Well crap. Source code reputation is exactly the problem we are trying to solve at http://rputbl.com (sorry, just a splash page for now.)
We are nowhere near close to launch yet and there's a chicken-and-egg problem of having a sufficiently large database of hashes to make an arbitrary source code file reputation check worth your time, but we have some ideas about what to do about that too.
I agree it's a problem without an easy solution. It's not just a problem with python, it's exactly the same thing with rubygems (where it's been getting similar discussion, especially after a rubygems vulnerability a few months ago).
But: The elephant in the room when talking about package signing is what exactly we are trusting.
I think it's actually relatively clear. When I install "rails", I want to know that it really did come from the "rails team", and not from a third party man in the middle.
That's the most that can be expected, and that's sufficient. There's no way to technologically ensure that the rails team itself isn't intentionally including malware in their release. And of course no way to technologically ensure that the release doesn't have bugs or vulnerabilities.
The goal is just ensuring the release is really from who it says it's from. Which is of course hard enough already, for the reasons dealt with in OP, and because who is "the rails team" exactly anyway?
I think this is a good introduction to some of the depth of the problem. As with all big problems, you start by breaking them down into what you can and cannot do.
So in the field of package signing, you can, if you choose to, nominate a single signature authority. This is basically what Microsoft does, they are the signature authority for all keys that sign things that go into Microsoft products. When you choose a signature authority that becomes the first lemma in your calculus "I trust <foo>."[1] Now, once you have that lemma you can build on it with statements like, "I trust Microsoft, and Microsoft trusts Dell, so I will trust that the key Microsoft says is Dell's really is Dell's."
Now you've created a transitive trust relationship, in that you not only trust Microsoft's internal processes, but you trust that it will do a good job of auditing Dell's before it gives its blessing to Dell.
Now Don makes a minor error when he says, "PyPI allows anyone to sign up and make a release which makes verifying authors an unmanageable problem." the issue is that PyPI doesn't create a durable relationship between people you trust and someone you don't know.
Because of this you have to assume there are bad actors who are making packages and simply not install them. This isn't an "unmanageable problem" this is "inconvenient." (not being snarky, trying to be precise). You can run a grocery store where everyone puts the money they owe into the cash register before they leave there are no checks on the cash register, everyone is trusted to do the right thing. The store going out of business isn't a "problem" it is the expected outcome. This comes up in policy debates as well where person A wants their free speech rights but they also don't want person B to make remarks they consider to be hateful (thus impinging on person B's free speech rights). Its the 'incompatible constraints' problem.

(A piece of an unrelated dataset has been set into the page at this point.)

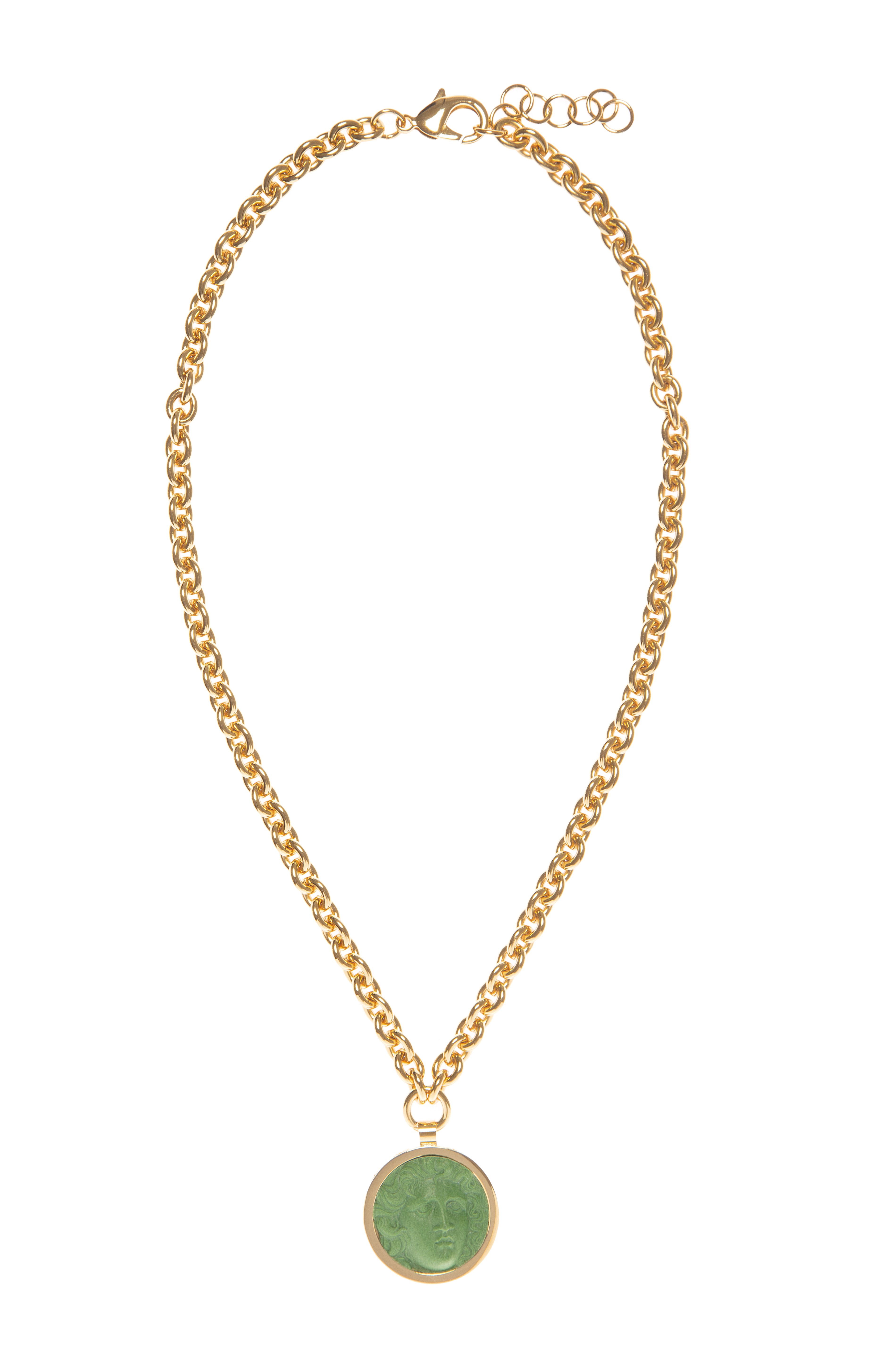 The so-called "Rondanini Medusa". Marble, Roman copy of a 5th-century BC Greek original by Phidias, which was set on the shield of Athena Parthenos. The Munich Glyptothek's Medusa Rondanini is possibly a 5th-century BC work, and the oldest- known "beautiful gorgoneion" sculpture. The design may have been copied from a gilded bronze aegis that once hung in the Acropolis, where it would have been meant to ward off evil and bad luck. A revision of the grotesque, disk-shaped death masks of older gorgoneia, the Medusa Rondanini appears to borrow the idealized likeness of Athena of Velletri, wreathed in decorative snakes and delicate owl wings-Chthonic dread and death mixed with Olympian beauty and cunning. While on display in the Palazzo Rondanini in Rome, it was noticed and first brought to the attention of Northern European art connoisseurs in the 1780s by Johann Wolfgang von Goethe, who wrote, "I would say something about it if everything one could say about such a work were not a waste of breath." Located in the Glyptotheum of Munich.

There are a number of interesting zero knowledge proof techniques in cryptography, things which allow someone you know nothing about (zero knowledge) to prove they are a particular person, and starting from there you can create durable audit trails of actions (useful in digital cash systems among others) but it also allows you to identify bad actors, sadly after the fact, because you can make statements about the person who identified and the package they produced. You cannot say anything about motive (they may have built their package on a compromised machine) but you can trace back the action to where it entered the system, and with sufficient audit trails back it out of the system.
As you can imagine these systems are challenging to get right, challenging to build, and take an expertise that is generally highly valued so rarely available "for free."
But working on challenging problems has its own rewards and so I recommend it highly. It is always a workable approach to start with assumptions (lay them out and keep them front and center) to gain an understanding of the more challenging aspects, and then work from there. Since you aren't building life support systems you may find that just good auditing trails is enough if they allow you to back up to any previous state. Sometimes using a centralized authority gives you enough to build a system around it. I highly recommend Schneir's "Applied Cryptography" for a pretty approachable take on these topics.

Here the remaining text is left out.